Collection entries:
----
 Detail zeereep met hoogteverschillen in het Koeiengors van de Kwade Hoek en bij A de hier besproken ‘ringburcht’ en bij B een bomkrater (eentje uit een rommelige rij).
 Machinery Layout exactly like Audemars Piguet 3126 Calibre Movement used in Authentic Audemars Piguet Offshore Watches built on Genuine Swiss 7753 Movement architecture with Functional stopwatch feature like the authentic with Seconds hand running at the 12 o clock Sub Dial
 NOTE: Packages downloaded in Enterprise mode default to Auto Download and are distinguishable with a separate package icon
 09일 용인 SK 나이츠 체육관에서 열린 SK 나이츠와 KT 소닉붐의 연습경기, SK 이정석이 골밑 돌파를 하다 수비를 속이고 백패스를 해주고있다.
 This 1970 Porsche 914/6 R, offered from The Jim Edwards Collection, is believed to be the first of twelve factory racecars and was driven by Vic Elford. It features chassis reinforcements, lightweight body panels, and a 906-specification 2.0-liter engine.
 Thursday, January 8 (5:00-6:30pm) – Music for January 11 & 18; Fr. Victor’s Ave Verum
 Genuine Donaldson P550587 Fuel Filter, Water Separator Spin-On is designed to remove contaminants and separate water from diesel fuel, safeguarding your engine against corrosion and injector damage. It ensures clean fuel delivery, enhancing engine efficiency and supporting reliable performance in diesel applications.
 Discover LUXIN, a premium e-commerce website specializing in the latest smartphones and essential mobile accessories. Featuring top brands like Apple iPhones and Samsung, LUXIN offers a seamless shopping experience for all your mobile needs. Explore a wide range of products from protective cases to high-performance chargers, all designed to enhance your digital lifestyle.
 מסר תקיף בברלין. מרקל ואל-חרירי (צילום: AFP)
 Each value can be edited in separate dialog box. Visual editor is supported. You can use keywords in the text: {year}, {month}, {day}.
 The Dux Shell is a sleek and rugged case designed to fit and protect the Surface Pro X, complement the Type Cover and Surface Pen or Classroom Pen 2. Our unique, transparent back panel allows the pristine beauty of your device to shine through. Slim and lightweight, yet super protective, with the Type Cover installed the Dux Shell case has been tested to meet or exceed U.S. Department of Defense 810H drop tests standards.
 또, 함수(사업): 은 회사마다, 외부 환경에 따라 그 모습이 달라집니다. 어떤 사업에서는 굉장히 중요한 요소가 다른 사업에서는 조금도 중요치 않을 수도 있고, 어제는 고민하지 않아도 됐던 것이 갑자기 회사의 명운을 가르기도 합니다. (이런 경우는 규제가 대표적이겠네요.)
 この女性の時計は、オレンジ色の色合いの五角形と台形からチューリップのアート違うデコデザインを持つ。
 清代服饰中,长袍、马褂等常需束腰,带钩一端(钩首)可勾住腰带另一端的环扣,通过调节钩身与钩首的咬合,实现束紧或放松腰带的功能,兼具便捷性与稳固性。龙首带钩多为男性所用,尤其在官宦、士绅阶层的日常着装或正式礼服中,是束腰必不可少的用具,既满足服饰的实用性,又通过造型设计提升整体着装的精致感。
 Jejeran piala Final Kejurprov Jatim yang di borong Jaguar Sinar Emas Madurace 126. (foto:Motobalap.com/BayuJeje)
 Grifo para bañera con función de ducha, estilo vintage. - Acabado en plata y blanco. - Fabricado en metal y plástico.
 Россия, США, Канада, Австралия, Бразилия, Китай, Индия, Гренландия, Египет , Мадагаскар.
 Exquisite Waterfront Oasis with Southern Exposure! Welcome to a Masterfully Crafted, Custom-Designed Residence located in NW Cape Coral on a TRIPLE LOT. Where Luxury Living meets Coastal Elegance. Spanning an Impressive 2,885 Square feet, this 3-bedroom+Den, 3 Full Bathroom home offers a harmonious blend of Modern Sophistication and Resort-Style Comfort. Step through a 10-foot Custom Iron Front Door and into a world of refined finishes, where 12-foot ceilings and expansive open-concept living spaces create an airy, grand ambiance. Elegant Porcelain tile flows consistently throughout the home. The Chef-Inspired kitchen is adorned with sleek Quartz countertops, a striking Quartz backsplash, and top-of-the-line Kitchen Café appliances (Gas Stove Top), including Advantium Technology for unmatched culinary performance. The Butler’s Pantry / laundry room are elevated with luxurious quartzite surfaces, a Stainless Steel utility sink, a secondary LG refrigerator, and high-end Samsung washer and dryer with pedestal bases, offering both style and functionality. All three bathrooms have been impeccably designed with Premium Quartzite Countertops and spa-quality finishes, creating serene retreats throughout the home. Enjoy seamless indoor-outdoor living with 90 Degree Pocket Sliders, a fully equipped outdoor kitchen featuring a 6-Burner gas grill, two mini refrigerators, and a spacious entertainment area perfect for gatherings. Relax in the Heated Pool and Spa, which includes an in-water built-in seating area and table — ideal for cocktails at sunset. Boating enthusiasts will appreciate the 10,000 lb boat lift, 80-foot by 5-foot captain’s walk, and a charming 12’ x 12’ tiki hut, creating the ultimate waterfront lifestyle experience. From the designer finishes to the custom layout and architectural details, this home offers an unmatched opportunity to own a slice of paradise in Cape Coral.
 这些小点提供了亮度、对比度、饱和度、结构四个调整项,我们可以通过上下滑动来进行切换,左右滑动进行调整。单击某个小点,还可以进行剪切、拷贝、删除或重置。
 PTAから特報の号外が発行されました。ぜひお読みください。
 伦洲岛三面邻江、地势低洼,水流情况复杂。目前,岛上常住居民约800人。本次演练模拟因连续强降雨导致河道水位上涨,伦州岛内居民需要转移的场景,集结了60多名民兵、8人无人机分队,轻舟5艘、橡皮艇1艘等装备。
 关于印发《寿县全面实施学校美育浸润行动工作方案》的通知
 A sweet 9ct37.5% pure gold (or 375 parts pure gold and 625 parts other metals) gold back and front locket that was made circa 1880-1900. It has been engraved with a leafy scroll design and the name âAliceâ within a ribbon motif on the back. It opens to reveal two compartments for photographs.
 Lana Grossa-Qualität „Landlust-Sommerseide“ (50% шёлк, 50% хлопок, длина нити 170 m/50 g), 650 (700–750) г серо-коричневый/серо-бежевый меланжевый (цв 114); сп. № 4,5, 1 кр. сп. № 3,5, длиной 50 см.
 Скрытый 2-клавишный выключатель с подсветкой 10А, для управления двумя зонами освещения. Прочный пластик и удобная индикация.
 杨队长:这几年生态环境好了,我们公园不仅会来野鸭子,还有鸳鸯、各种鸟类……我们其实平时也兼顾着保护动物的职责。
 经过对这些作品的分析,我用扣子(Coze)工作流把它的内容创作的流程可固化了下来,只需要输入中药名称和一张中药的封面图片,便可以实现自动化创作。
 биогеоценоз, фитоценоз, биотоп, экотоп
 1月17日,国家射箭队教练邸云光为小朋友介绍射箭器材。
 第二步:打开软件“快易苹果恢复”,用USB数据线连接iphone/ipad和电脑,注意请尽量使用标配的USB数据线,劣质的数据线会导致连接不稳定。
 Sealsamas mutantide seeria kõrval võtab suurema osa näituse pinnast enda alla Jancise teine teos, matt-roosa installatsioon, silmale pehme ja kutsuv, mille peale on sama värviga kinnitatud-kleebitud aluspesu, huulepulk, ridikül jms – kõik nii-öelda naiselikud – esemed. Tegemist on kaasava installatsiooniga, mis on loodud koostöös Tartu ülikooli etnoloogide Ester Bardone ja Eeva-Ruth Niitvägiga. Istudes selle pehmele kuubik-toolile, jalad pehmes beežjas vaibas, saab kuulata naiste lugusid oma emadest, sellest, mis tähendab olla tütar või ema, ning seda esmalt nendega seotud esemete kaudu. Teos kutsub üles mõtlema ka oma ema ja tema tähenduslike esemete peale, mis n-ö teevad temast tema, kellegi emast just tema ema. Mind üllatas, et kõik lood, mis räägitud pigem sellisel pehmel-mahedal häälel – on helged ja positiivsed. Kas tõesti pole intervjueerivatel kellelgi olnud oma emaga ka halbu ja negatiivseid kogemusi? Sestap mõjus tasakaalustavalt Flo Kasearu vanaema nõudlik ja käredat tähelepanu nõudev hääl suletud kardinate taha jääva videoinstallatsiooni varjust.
----
■ What you need to do
An exact copy of the lines above, from the one containing "この女性の時計は、オレンジ色" down to the one containing "清代服饰中,长袍、马褂等常需" and including both, is the whole answer; retype it and nothing else.

■ Solution for this problem
 この女性の時計は、オレンジ色の色合いの五角形と台形からチューリップのアート違うデコデザインを持つ。
 清代服饰中,长袍、马褂等常需束腰,带钩一端(钩首)可勾住腰带另一端的环扣,通过调节钩身与钩首的咬合,实现束紧或放松腰带的功能,兼具便捷性与稳固性。龙首带钩多为男性所用,尤其在官宦、士绅阶层的日常着装或正式礼服中,是束腰必不可少的用具,既满足服饰的实用性,又通过造型设计提升整体着装的精致感。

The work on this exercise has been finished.